** Work task **
For the entries below, return the line holding "הם לקחו את היד" together with all lines after it, unchanged, and leave every picture out.

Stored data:
::::::::::

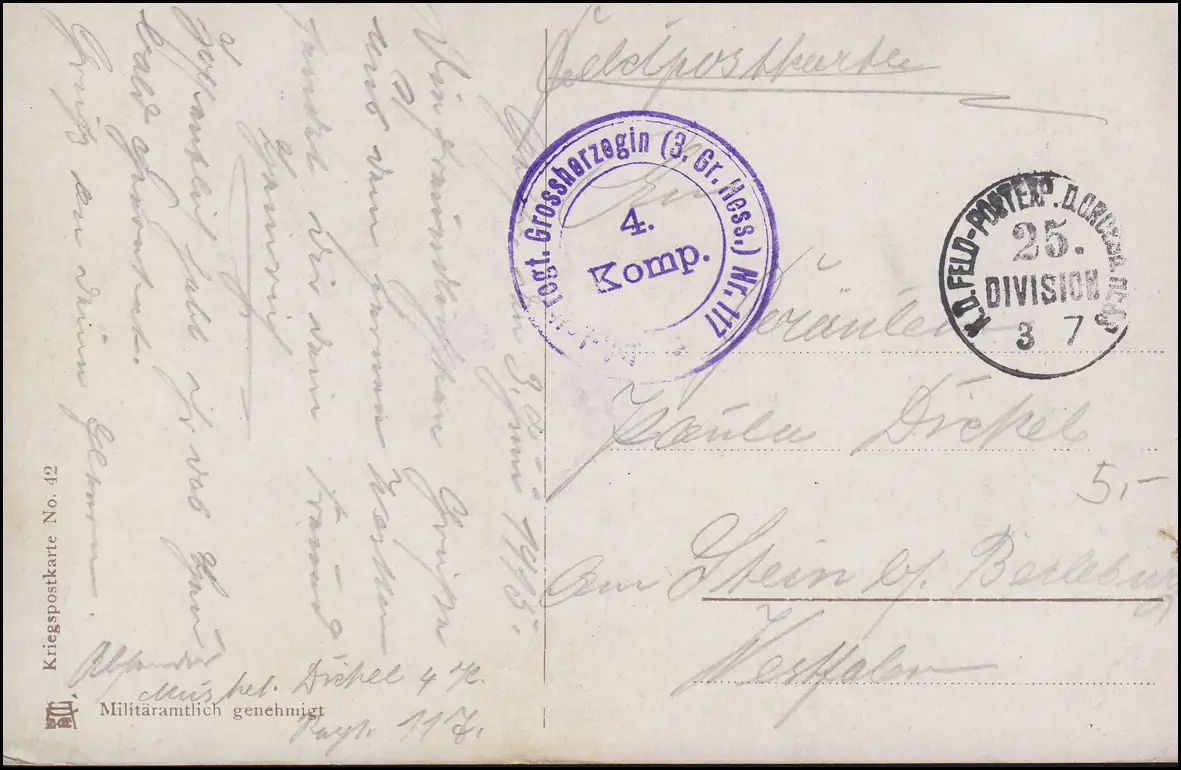 Carte postale de guerre numéro 42 Examen: original Numéro d'article: 00000000019959
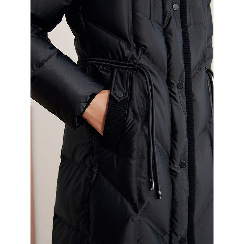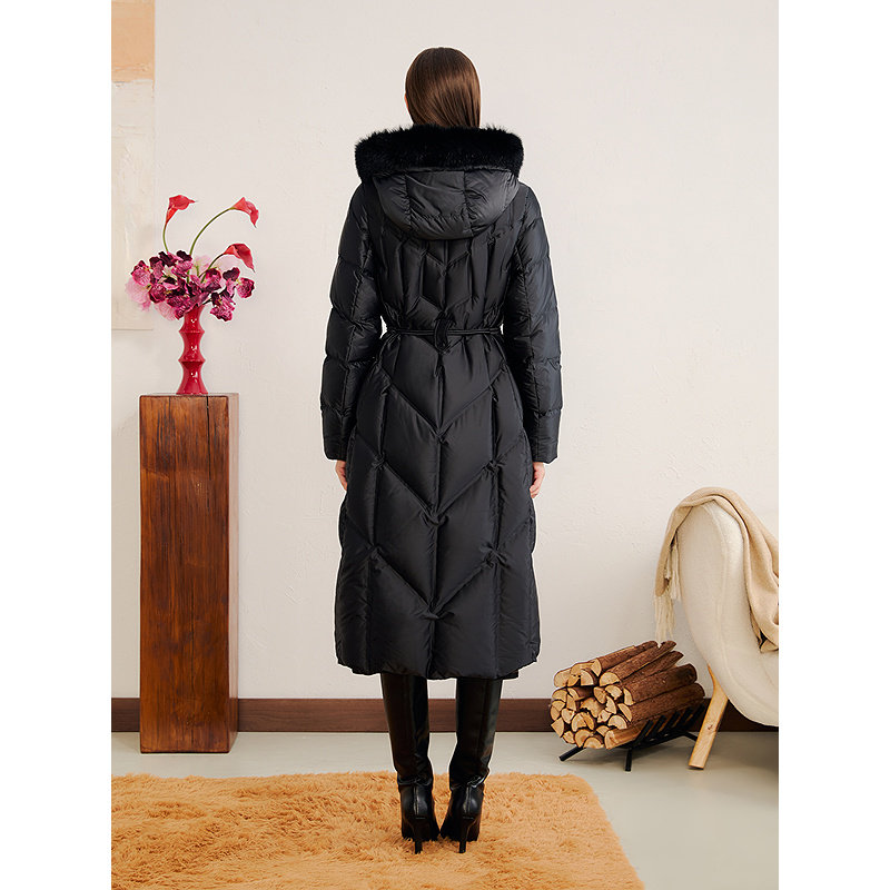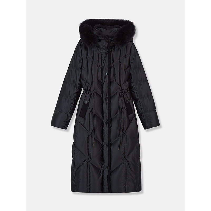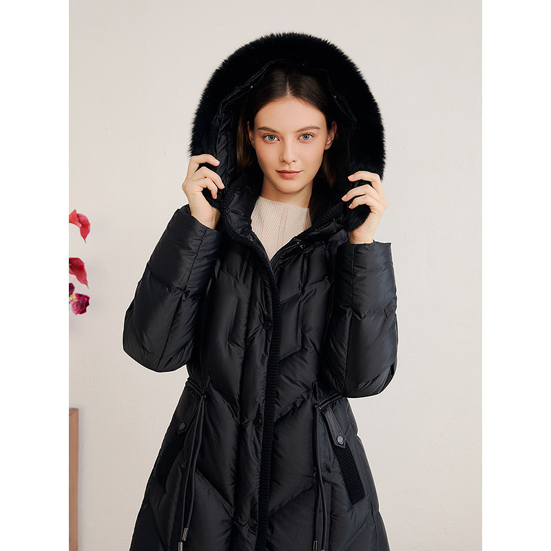 YINER音儿专选2025冬季新款法式柔光缎面狐狸毛领连帽长款羽绒服
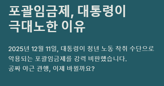 - ✅ 대통령, 포괄임금제를 '청년 노동 착취 수단'으로 강력 비판.
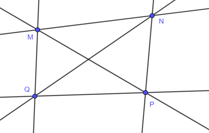 Từ các cặp điểm vừa chọn, vẽ các đường thẳng đi qua các điểm đó. Ta có 6 đường thẳng: MN, MP, MQ, NP, NQ, PQ (như hình vẽ).
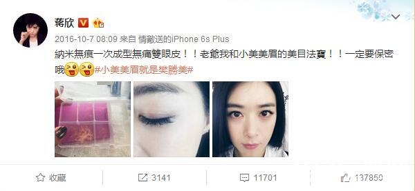 蒋欣就曾经在微博上晒出过自己贴双眼皮贴的过程。
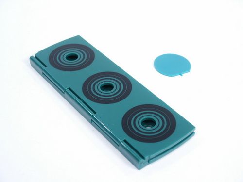 Quarter size coins placed in three wells with paper strip laid over and panel closed. Pencil is pushed through center of each coin and when panel opened paper strip has pierce holes yet coins are intact! Includes instructions. Condition very fine.
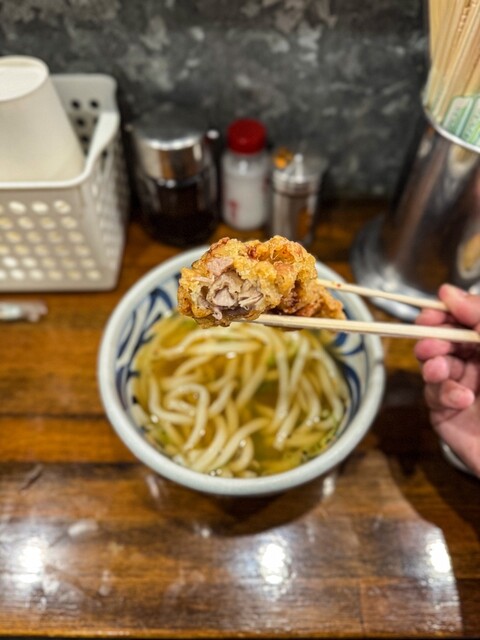 鶏天なんて、もう“うどんに乗せるサイズ”じゃない。ほぼ唐揚げ。
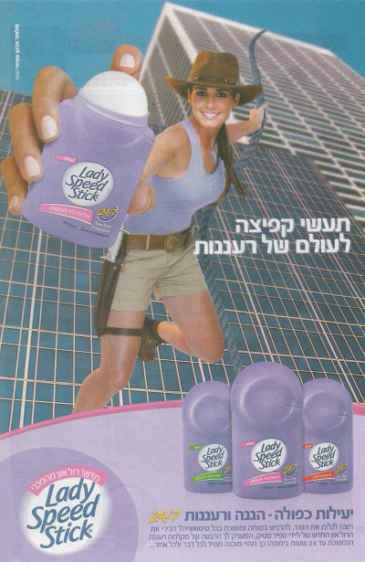 הם לקחו את היד מפרסומת לספרי , והדביקו לה את הדאודורנט, ואת כל זה שמו על הבחורה. לי זה נראה כאילו היא תיכף מתיזה עלי גז מדמיע.
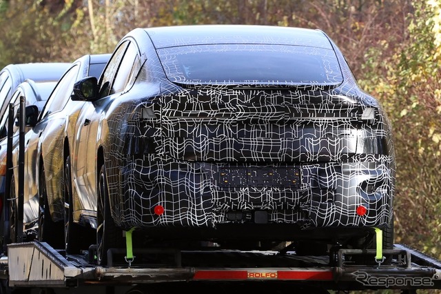 新型車の iX4は、スクエアなルーフを持つ iX3の、よりスポーティな兄弟として設計されている。カメラが捉えたプロトタイプは、厳重なカモフラージュが施されているものの、ヘッドライト、グリル、バンパー、ボンネット、フェンダーなどは、iX3から受け継がれているように見える。

::::::::::

** Solution below **
 הם לקחו את היד מפרסומת לספרי , והדביקו לה את הדאודורנט, ואת כל זה שמו על הבחורה. לי זה נראה כאילו היא תיכף מתיזה עלי גז מדמיע.
 新型車の iX4は、スクエアなルーフを持つ iX3の、よりスポーティな兄弟として設計されている。カメラが捉えたプロトタイプは、厳重なカモフラージュが施されているものの、ヘッドライト、グリル、バンパー、ボンネット、フェンダーなどは、iX3から受け継がれているように見える。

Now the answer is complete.